What to do: Of the entries that follow, how many lines hold the string "inauguração"? Write the number and nothing more.

Supplied material:
================================
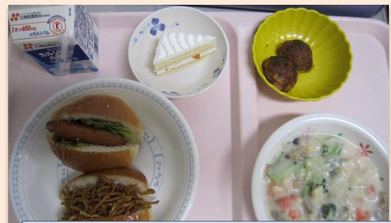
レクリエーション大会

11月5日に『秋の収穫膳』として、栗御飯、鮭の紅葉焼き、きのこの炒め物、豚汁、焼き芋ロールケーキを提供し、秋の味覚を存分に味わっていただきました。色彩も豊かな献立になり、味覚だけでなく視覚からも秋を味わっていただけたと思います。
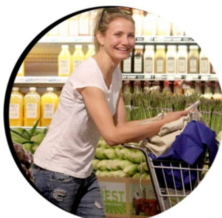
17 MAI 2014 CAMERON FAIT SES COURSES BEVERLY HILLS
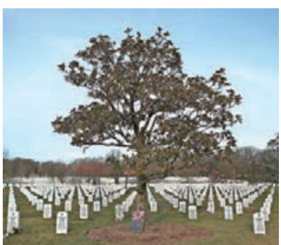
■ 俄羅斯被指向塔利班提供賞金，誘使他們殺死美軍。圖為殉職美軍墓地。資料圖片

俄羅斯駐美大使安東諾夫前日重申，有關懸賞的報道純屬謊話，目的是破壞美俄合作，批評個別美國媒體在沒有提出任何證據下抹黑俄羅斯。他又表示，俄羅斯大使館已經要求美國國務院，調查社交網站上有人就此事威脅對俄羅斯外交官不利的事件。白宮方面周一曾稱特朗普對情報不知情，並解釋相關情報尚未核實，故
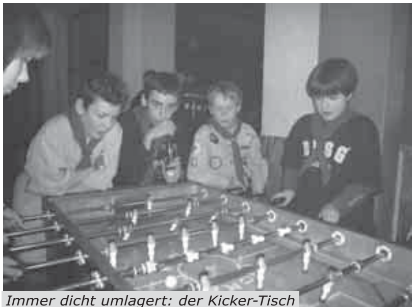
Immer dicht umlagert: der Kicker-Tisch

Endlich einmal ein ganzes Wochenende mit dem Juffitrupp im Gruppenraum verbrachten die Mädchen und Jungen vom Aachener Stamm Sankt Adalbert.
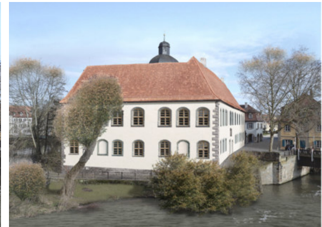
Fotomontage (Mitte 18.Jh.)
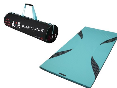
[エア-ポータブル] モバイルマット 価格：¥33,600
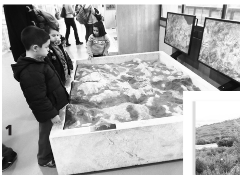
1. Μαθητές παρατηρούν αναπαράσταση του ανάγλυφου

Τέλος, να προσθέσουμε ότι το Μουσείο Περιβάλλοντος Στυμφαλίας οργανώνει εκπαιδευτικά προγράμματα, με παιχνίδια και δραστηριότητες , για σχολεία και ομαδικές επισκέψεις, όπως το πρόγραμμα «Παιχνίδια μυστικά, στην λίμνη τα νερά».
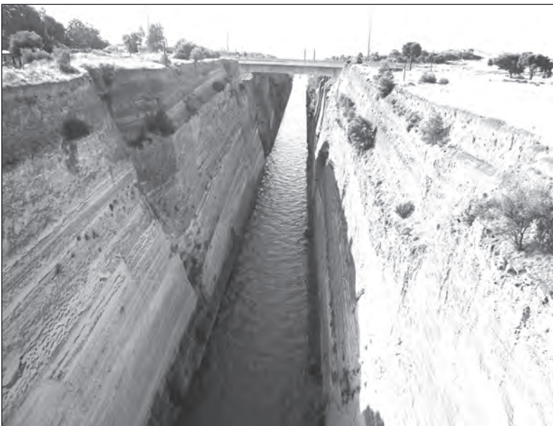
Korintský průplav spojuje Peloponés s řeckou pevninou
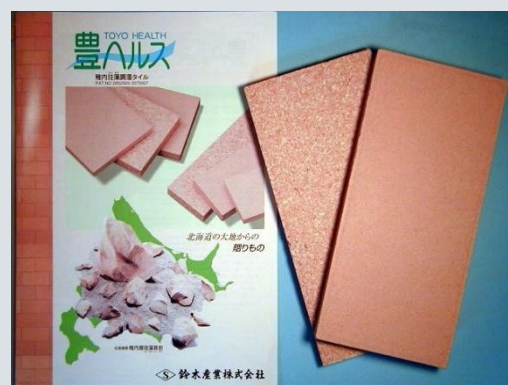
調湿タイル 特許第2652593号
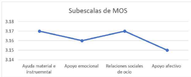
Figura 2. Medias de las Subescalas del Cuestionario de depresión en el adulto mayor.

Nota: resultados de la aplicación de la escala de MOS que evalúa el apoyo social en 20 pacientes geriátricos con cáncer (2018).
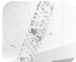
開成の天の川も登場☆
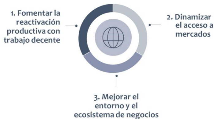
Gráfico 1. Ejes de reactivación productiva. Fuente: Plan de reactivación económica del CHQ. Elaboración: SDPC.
================================
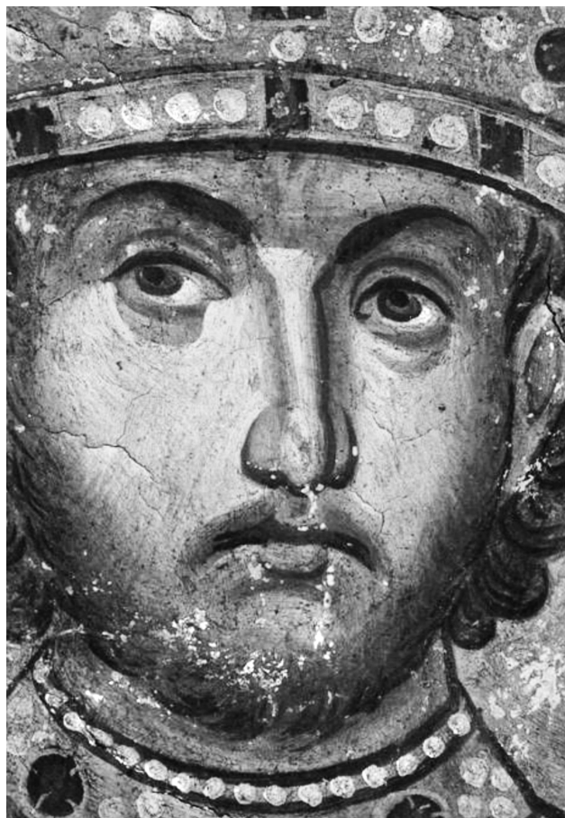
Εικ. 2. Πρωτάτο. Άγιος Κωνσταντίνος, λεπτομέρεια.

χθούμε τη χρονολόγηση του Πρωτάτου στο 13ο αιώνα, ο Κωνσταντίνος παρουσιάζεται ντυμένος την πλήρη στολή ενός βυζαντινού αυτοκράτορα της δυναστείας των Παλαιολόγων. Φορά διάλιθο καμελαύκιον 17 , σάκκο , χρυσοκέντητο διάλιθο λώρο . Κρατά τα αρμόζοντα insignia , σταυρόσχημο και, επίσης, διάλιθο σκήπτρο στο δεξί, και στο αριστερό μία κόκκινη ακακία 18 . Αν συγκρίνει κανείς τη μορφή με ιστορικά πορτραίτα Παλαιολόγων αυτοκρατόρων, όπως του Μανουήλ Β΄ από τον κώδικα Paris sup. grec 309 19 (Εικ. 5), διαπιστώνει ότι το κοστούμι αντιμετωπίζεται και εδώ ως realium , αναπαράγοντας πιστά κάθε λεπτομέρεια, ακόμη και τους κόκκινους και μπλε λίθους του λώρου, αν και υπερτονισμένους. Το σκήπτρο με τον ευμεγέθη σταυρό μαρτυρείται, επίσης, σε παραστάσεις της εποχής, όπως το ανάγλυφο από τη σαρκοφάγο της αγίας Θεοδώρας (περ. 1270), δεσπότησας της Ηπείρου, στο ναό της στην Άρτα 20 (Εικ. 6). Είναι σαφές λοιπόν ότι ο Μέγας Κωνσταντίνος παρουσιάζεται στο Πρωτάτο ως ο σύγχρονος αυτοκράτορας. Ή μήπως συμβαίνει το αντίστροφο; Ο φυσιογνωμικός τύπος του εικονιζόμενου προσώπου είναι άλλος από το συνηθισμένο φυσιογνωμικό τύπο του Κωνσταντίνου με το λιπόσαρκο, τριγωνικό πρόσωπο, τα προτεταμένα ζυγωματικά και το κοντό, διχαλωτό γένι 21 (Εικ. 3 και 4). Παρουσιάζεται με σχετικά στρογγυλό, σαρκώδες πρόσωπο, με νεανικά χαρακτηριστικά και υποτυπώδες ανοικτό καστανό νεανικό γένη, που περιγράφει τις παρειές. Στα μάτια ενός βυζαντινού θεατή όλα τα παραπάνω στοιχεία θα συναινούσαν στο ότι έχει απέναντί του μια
================================
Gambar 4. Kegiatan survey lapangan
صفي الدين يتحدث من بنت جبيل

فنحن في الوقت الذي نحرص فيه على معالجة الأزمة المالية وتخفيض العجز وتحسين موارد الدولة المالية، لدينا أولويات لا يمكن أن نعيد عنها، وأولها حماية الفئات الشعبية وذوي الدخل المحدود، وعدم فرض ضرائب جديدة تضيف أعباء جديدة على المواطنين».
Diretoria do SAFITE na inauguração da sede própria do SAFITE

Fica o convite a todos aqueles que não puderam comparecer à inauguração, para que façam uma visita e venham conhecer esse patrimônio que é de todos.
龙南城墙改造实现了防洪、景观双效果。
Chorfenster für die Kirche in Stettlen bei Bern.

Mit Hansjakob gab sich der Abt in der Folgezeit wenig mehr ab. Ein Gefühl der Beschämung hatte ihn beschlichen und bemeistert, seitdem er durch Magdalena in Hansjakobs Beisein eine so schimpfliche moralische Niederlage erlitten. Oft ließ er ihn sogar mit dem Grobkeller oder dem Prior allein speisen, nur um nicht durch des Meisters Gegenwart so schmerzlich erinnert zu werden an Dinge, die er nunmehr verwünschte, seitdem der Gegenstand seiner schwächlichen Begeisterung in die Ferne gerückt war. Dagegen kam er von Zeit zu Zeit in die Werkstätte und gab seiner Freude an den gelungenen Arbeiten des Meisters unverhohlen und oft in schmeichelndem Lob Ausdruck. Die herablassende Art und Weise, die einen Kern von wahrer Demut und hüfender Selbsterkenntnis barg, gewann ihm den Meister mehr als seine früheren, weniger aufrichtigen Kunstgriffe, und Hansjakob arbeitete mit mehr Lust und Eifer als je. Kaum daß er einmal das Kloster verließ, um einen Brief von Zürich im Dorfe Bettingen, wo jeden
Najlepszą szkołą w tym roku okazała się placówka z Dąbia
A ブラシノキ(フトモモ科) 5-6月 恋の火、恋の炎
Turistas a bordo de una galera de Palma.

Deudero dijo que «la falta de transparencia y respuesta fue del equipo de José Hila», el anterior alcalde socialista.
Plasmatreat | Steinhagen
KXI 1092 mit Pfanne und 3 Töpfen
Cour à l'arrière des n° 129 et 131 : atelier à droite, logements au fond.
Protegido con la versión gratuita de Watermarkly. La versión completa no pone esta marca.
================================
Task result: 2